Numeracy assessed subjectively with a brief 3-item instrument is associated with self-rated health, even after controlling for education and other sociodemographic variables. The association is similar to the association found when assessing numeracy with a complex objective assessment, which would be burdensome to administer in clinical practice. With the subjective and the objective assessments, a single increment in numeracy score was associated with an odds ratio of approximately 0.90, indicating about 10% reduced odds of good self-reported health. The similarity in results suggest that it is not always necessary to evaluate numeracy with a burdensome objective scale, but that a short subjective scale could instead be used in clinical practice. In addition, the brief subjective questions are simple to score and interpret.

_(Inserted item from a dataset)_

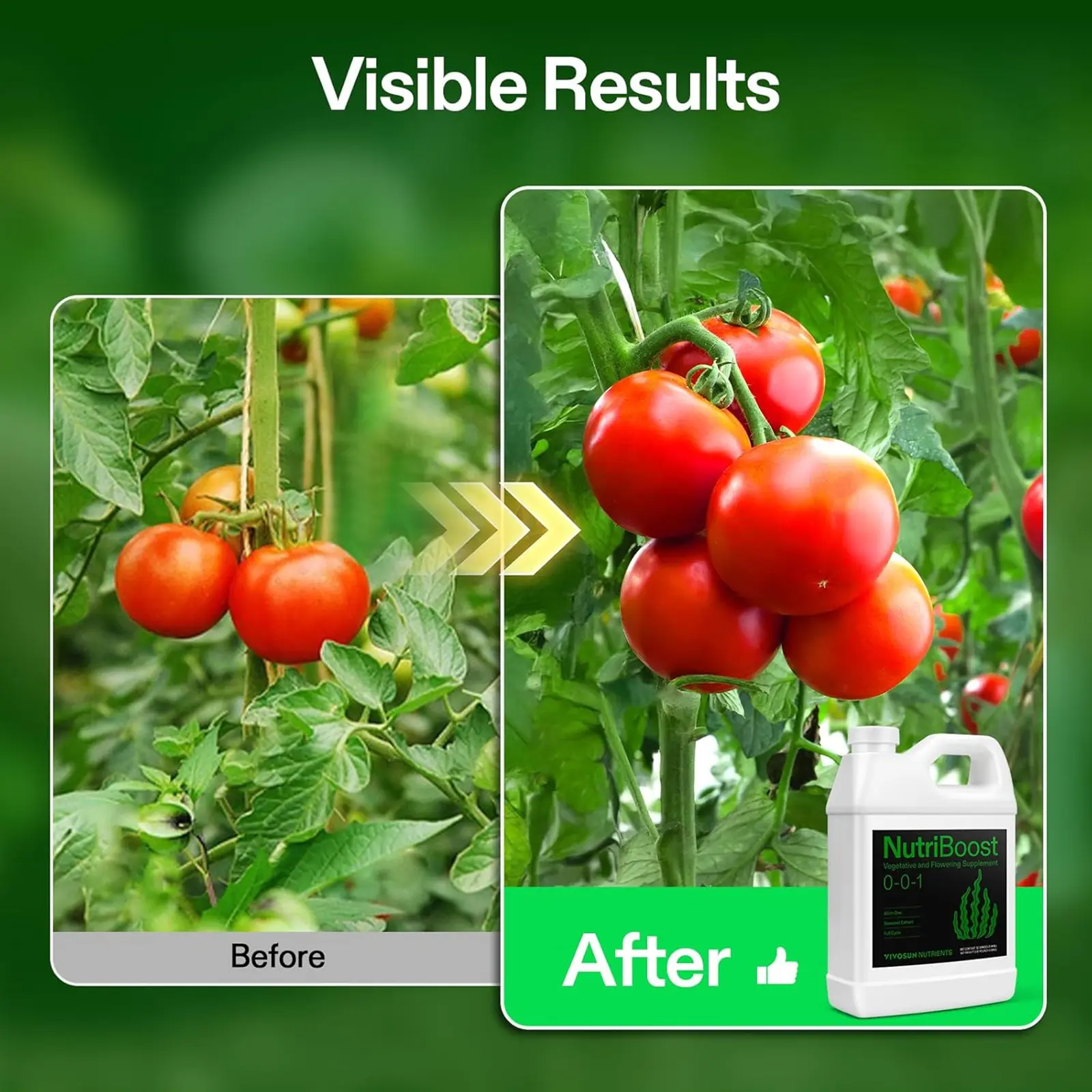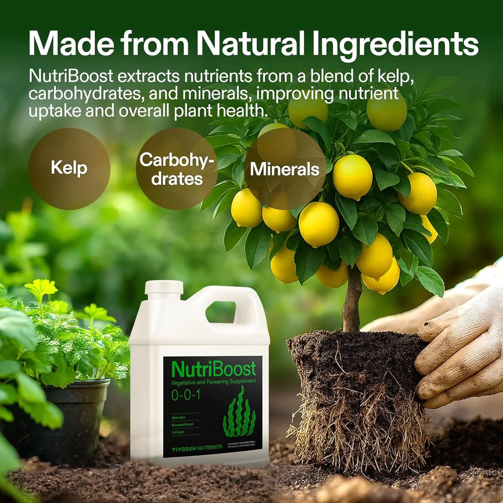 NutriBoost is a premium additive formulated with high-quality ingredients, including natural kelp extract, carbohydrates, and essential minerals; This rich blend provides comprehensive nutrition, promoting vigorous growth at every stage while simplifying your plant nutrient regimen with a single product

These two analyses also replicated previous findings confirming that younger age, higher income, and higher education were all associated with both higher numeracy and better self-rated health. All of these relationships were in the direction that would be expected from previous research [28,29,30]. However, the association between low numeracy and poor health is not fully attributable to these other variables as it remained significant even after controlling for the demographic variables. There were significant differences in the demographic makeup of the two samples. While observation of statistically significant differences may be expected in samples as large those in the PIAAC data, it may be beneficial to have more balanced demographic samples, perhaps representing the same target population (instead of New York state vs. the entire United States), in future studies.

It could be helpful to begin including questions related to literacy/numeracy in initial visits to help health professionals better tailor their communication. Once patients with low numeracy are identified, a growing body of research demonstrates how rewriting patient information can help [31]. For example, Davis et al. demonstrated that rewording medication instructions by phrasing instructions in terms of time of day rather than pills per day disproportionately improves comprehension among low numeracy patients [32], and Yin and colleagues have shown that low-literacy patients benefit from pictogram-enhanced medication instructions (33).

Limitations

The study has several limitations. The ESP and PIAAC were conducted for different purposes in different populations. The ESP sample was also found to be significantly different in demographic distribution from the NYS population, which was handled using survey weights.